=== AIM OF THE EXERCISE ===
Set the pictures aside and transcribe exactly the lines from the one containing "This 2″ wide" through the final line of the records.

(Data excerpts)
┏━━

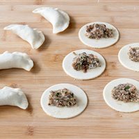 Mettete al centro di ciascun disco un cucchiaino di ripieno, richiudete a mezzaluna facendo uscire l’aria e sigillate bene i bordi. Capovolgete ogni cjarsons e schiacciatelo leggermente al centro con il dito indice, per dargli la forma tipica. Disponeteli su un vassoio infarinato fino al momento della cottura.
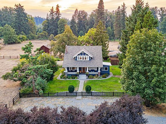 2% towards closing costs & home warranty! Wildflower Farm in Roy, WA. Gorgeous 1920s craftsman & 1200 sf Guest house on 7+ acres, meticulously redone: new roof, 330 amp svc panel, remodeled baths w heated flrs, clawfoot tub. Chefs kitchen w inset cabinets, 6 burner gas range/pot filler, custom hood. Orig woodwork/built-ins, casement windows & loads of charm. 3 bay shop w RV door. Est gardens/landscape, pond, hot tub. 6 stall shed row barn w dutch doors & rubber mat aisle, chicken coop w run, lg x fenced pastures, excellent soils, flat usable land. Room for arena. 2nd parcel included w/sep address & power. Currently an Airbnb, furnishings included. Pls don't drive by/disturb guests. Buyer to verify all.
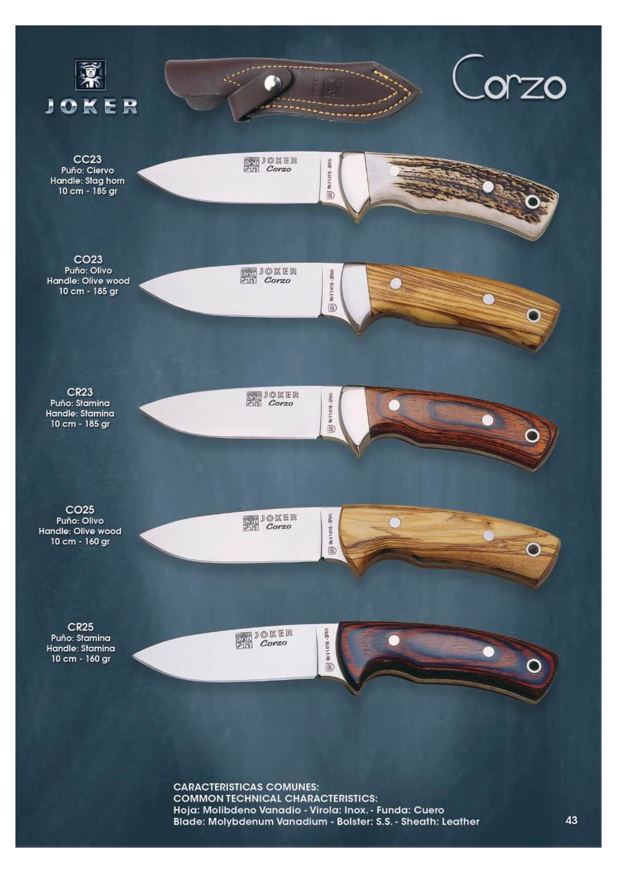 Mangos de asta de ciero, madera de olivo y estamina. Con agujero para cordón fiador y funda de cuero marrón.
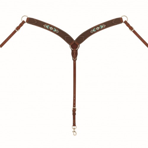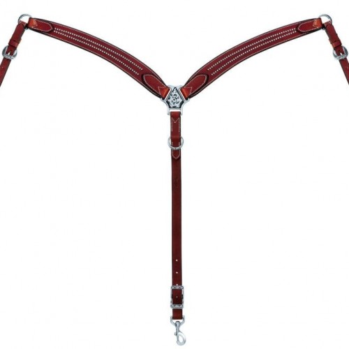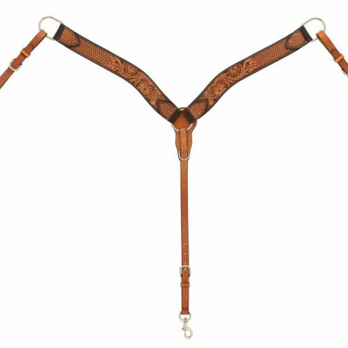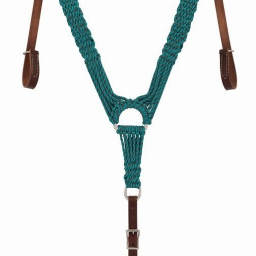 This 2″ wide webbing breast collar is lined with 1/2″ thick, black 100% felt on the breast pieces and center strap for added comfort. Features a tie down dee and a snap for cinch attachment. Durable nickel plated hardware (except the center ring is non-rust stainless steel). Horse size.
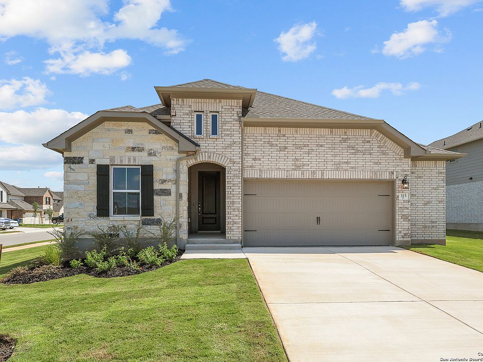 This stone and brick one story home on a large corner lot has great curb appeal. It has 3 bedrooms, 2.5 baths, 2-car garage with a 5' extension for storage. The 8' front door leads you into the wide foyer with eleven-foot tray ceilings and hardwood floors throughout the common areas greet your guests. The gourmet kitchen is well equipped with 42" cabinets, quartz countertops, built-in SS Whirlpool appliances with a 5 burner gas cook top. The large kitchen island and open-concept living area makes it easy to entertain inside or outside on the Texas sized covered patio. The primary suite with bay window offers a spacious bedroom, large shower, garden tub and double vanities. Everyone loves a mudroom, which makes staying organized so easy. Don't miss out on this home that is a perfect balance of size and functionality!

┗━━

=== ANSWER TO THE EXERCISE ===
 This 2″ wide webbing breast collar is lined with 1/2″ thick, black 100% felt on the breast pieces and center strap for added comfort. Features a tie down dee and a snap for cinch attachment. Durable nickel plated hardware (except the center ring is non-rust stainless steel). Horse size.
 This stone and brick one story home on a large corner lot has great curb appeal. It has 3 bedrooms, 2.5 baths, 2-car garage with a 5' extension for storage. The 8' front door leads you into the wide foyer with eleven-foot tray ceilings and hardwood floors throughout the common areas greet your guests. The gourmet kitchen is well equipped with 42" cabinets, quartz countertops, built-in SS Whirlpool appliances with a 5 burner gas cook top. The large kitchen island and open-concept living area makes it easy to entertain inside or outside on the Texas sized covered patio. The primary suite with bay window offers a spacious bedroom, large shower, garden tub and double vanities. Everyone loves a mudroom, which makes staying organized so easy. Don't miss out on this home that is a perfect balance of size and functionality!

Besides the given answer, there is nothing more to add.